- [Aim of the task] Return all of the entries exactly, but do not include the pictures.

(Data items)
%%

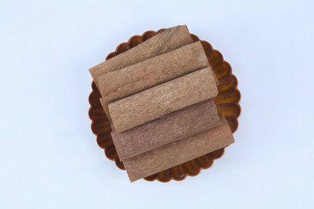Cinnamon sticks in a wooden bowl on a white background, top view
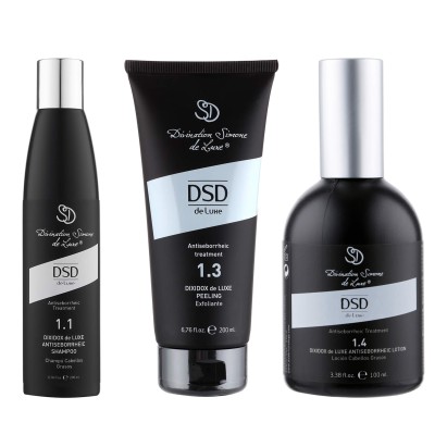 Набор DSD De Luxe Antiseborrheic Trio предназначен для нормализации работы сальных желез и глубокого очищения кожи головы при себорее и жирной перхоти. Набор разработан для людей, страдающих повышенной жирностью кожи головы, зудом, шелушением и потерей свежести волос уже через день после мытья. Комплексное действие шампуня, пилинга и лосьона помогает устранить причины себореи, восстановить баланс микробиома кожи и продлить чистоту волос. Благодаря активным компонентам — кислотам, растительным экстрактам и витаминам группы B — продукты регулируют секрецию себума, очищают поры и улучшают микроциркуляцию, обеспечивая оздоровление кожи головы и ускорение роста волос.
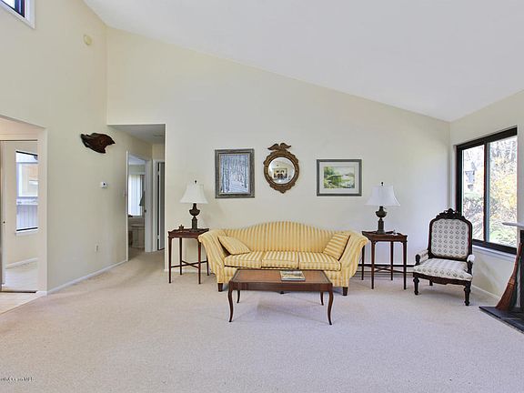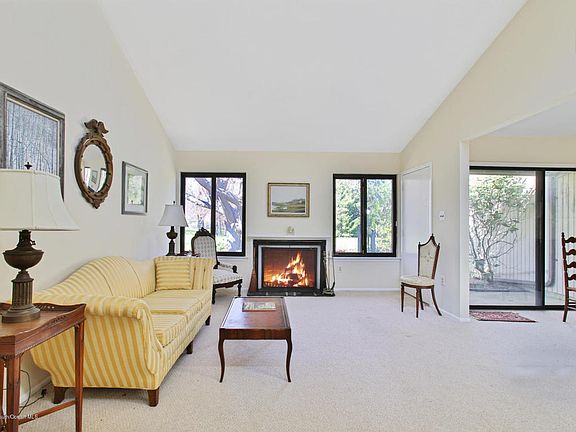 Located on the golf course, this desirable 2 bedroom Villa 100 has wonderful open floor plan with vaulted ceilings and wood burning fireplace in the living room. The skylight in the kitchen makes the room sunny and bright with lots of counter space and direct entry into the two car garage. Neutral carpeting and sliders to deck area overlooks golf course. Association is in the process of upgrading the siding, putting in two new garage doors, and moldings. With some TLC, this could be an exceptional place to live. An active gated community offering golf, tennis, clubhouse, lake and many activities. A great lifestyle! All room sizes are approximate and square footage was taken from tax records. Zip code is Red Bank but home located in Middletown.
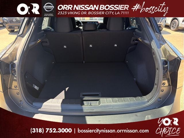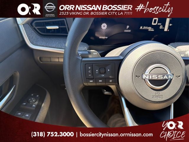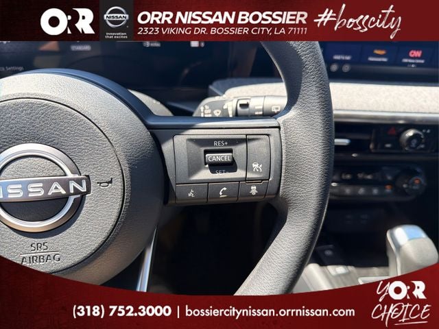 Cold Weather Package (Heated Front Seats, Heated Mirrors, and Rear Floor Heater Ducts), 4 Speakers, 4-Wheel Disc Brakes, ABS brakes, Air Conditioning, AM/FM radio, Auto High-beam Headlights, Automatic temperature control, Blind Spot Warning, Brake assist, Bumpers: body-color, Carpeted Floor Mats and Underfloor Protector, Cloth Seat Trim, Crossbars, Driver door bin, Driver vanity mirror, Dual front impact airbags, Dual front side impact airbags, Electronic Stability Control, Emergency communication system, Exterior Parking Camera Rear, Front anti-roll bar, Front Bucket Seats, Front Center Armrest, Front reading lights, Front wheel independent suspension, Fully automatic headlights, Illuminated entry, Knee airbag, Low tire pressure warning, NissanConnect featuring Apple CarPlay and Android Auto, Occupant sensing airbag, Outside temperature display, Overhead airbag, Panic alarm, Passenger door bin, Passenger vanity mirror, Power door mirrors, Power steering, Power windows, Radio data system, Radio: AM/FM/SiriusXM Audio System, Rear anti-roll bar, Rear reading lights, Rear side impact airbag, Rear window defroster, Rear window wiper, Remote keyless entry, Security system, Speed control, Speed-sensing steering, Splash Guards, Split folding rear seat, Spoiler, Sport steering wheel, Steering wheel mounted audio controls, Tachometer, Telescoping steering wheel, Tilt steering wheel, Traction control, Trip computer, Variably intermittent wipers, and Wheels: 17 Steel Flex with Full Covers.
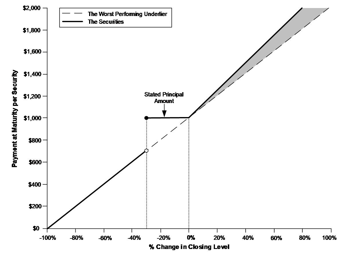 The payoff diagram and table below illustrate the payment at maturity for a range of hypothetical performances of the underlier over the term of the securities.
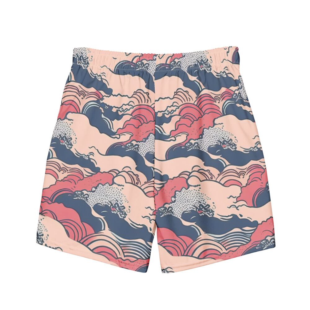 Ride the style wave with our Ocean Waves Swim Trunks! These eye-catching trunks feature a dynamic and artistic wave pattern in a captivating palette of soft coral pink, deep navy, and refreshing light blue, reminiscent of the vibrant colors of a coral reef. Designed for both performance and leisure, they're made from recycled fabric, offering quick-dry breathability perfect for catching waves or simply enjoying a relaxing day by the water.
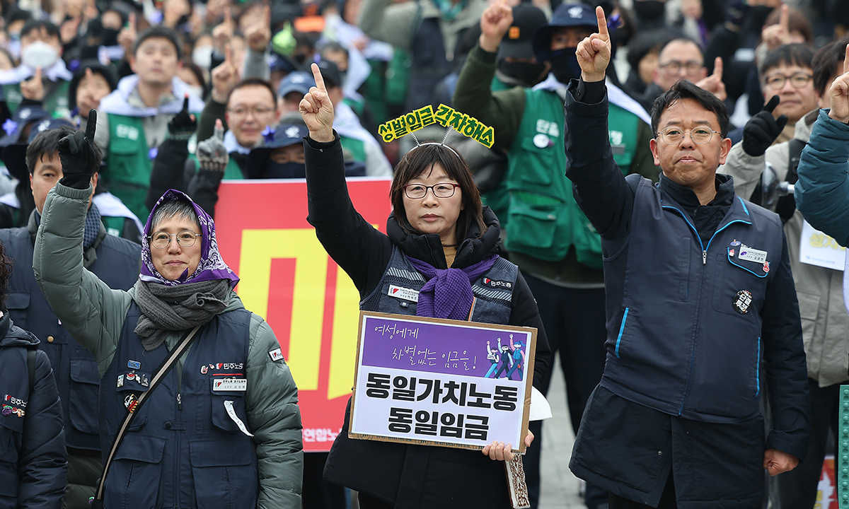 민주노총은 투쟁 선언문을 통해 직장 내 성차별 구조를 바꾸는 성평등 단체협약 체결, 성평등 임금 공시제 도입, 차별금지법 제정 등을 촉구했다.

%%

- [Finished task]
Cinnamon sticks in a wooden bowl on a white background, top view
 Набор DSD De Luxe Antiseborrheic Trio предназначен для нормализации работы сальных желез и глубокого очищения кожи головы при себорее и жирной перхоти. Набор разработан для людей, страдающих повышенной жирностью кожи головы, зудом, шелушением и потерей свежести волос уже через день после мытья. Комплексное действие шампуня, пилинга и лосьона помогает устранить причины себореи, восстановить баланс микробиома кожи и продлить чистоту волос. Благодаря активным компонентам — кислотам, растительным экстрактам и витаминам группы B — продукты регулируют секрецию себума, очищают поры и улучшают микроциркуляцию, обеспечивая оздоровление кожи головы и ускорение роста волос.
 Located on the golf course, this desirable 2 bedroom Villa 100 has wonderful open floor plan with vaulted ceilings and wood burning fireplace in the living room. The skylight in the kitchen makes the room sunny and bright with lots of counter space and direct entry into the two car garage. Neutral carpeting and sliders to deck area overlooks golf course. Association is in the process of upgrading the siding, putting in two new garage doors, and moldings. With some TLC, this could be an exceptional place to live. An active gated community offering golf, tennis, clubhouse, lake and many activities. A great lifestyle! All room sizes are approximate and square footage was taken from tax records. Zip code is Red Bank but home located in Middletown.
 Cold Weather Package (Heated Front Seats, Heated Mirrors, and Rear Floor Heater Ducts), 4 Speakers, 4-Wheel Disc Brakes, ABS brakes, Air Conditioning, AM/FM radio, Auto High-beam Headlights, Automatic temperature control, Blind Spot Warning, Brake assist, Bumpers: body-color, Carpeted Floor Mats and Underfloor Protector, Cloth Seat Trim, Crossbars, Driver door bin, Driver vanity mirror, Dual front impact airbags, Dual front side impact airbags, Electronic Stability Control, Emergency communication system, Exterior Parking Camera Rear, Front anti-roll bar, Front Bucket Seats, Front Center Armrest, Front reading lights, Front wheel independent suspension, Fully automatic headlights, Illuminated entry, Knee airbag, Low tire pressure warning, NissanConnect featuring Apple CarPlay and Android Auto, Occupant sensing airbag, Outside temperature display, Overhead airbag, Panic alarm, Passenger door bin, Passenger vanity mirror, Power door mirrors, Power steering, Power windows, Radio data system, Radio: AM/FM/SiriusXM Audio System, Rear anti-roll bar, Rear reading lights, Rear side impact airbag, Rear window defroster, Rear window wiper, Remote keyless entry, Security system, Speed control, Speed-sensing steering, Splash Guards, Split folding rear seat, Spoiler, Sport steering wheel, Steering wheel mounted audio controls, Tachometer, Telescoping steering wheel, Tilt steering wheel, Traction control, Trip computer, Variably intermittent wipers, and Wheels: 17 Steel Flex with Full Covers.
 The payoff diagram and table below illustrate the payment at maturity for a range of hypothetical performances of the underlier over the term of the securities.
 Ride the style wave with our Ocean Waves Swim Trunks! These eye-catching trunks feature a dynamic and artistic wave pattern in a captivating palette of soft coral pink, deep navy, and refreshing light blue, reminiscent of the vibrant colors of a coral reef. Designed for both performance and leisure, they're made from recycled fabric, offering quick-dry breathability perfect for catching waves or simply enjoying a relaxing day by the water.
 민주노총은 투쟁 선언문을 통해 직장 내 성차별 구조를 바꾸는 성평등 단체협약 체결, 성평등 임금 공시제 도입, 차별금지법 제정 등을 촉구했다.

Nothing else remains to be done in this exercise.